A Harvard Business Review study is answering the question ‘what will employees do if AI saves them time at work?’ The answer: more work.
I can’t access the paper but a lot of people are drawing wild conclusions from it and misrepresenting what’s there.
In short, what I could find was, they asked 40 employees from a tech startup about their AI use.
They did no comparison study or experiment.
If I had to guess the tech startup probably works in AI as well. Not exactly an unbiased study.
cmbabul@lemmy.world 2 weeks ago
I’ve literally never used it for work at all, c suits is starting to push it more but there’s no much use. Definitely not working harder
stealth_cookies@lemmy.ca 2 weeks ago
I honestly used AI for something other than summarizing a meeting yesterday. It failed so miserably that I’m really not apt to use it again. Maybe I was wrong to assume it could summarize a simple graph into a table for me.
brsrklf@jlai.lu 2 weeks ago
A co-worker not long ago had AI (fucking copilot in this case) randomly trying to analyze a spreadsheet report with a list of users.
There wasn’t any specific need to do this right now, but, curious, he let it do its thing. The AI correctly identified it was a list of user accounts, and said it might be able to count them. Which would be ridiculously easy to do, since it’s just a correctly formatted spreadsheet with each row being one user.
So he says OK, count them for me. The AI apologizes, it can’t process the file because it’s too big to be passed fully as a parameter in a python script (OK, why and how are you doing that?) but says it might be able to process the list if it’s copy-pasted into a text file.
My co-worker is like, at that point, why fucking not? and does the thing. The AI still fails anyway and apologizes again.
We’re paying for that shit. Not specifically for copilot, but it was part of the package.
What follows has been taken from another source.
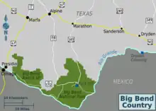 The Big Bend is part of the Trans-Pecos region in southwestern Texas, United States along the border with Mexico, north of the prominent bend in the Rio Grande for which the region is named.[1] Here the Rio Grande passes between the Chisos Mountains in Texas and the Sierra Madre Oriental in Mexico as it changes from running east-southeast to north-northeast. The region covers three counties: Presidio County to the west, Brewster County to the east, and Jeff Davis County to the north.[2]

Laughing at how it fails at simple tasks it set up for itself is slightly entertaining I guess, thanks Microsoft.
ImgurRefugee114@reddthat.com 2 weeks ago
AI has a lot of pitfalls. It helps knowing how they work: tokens, context, training, harnesses and tools,… Because then nonsense like this makes a lot more sense. (For context, I later told it to use JavaScript to manipulate strings to accomplish this task and it did a much better job. Still needed touchups of course)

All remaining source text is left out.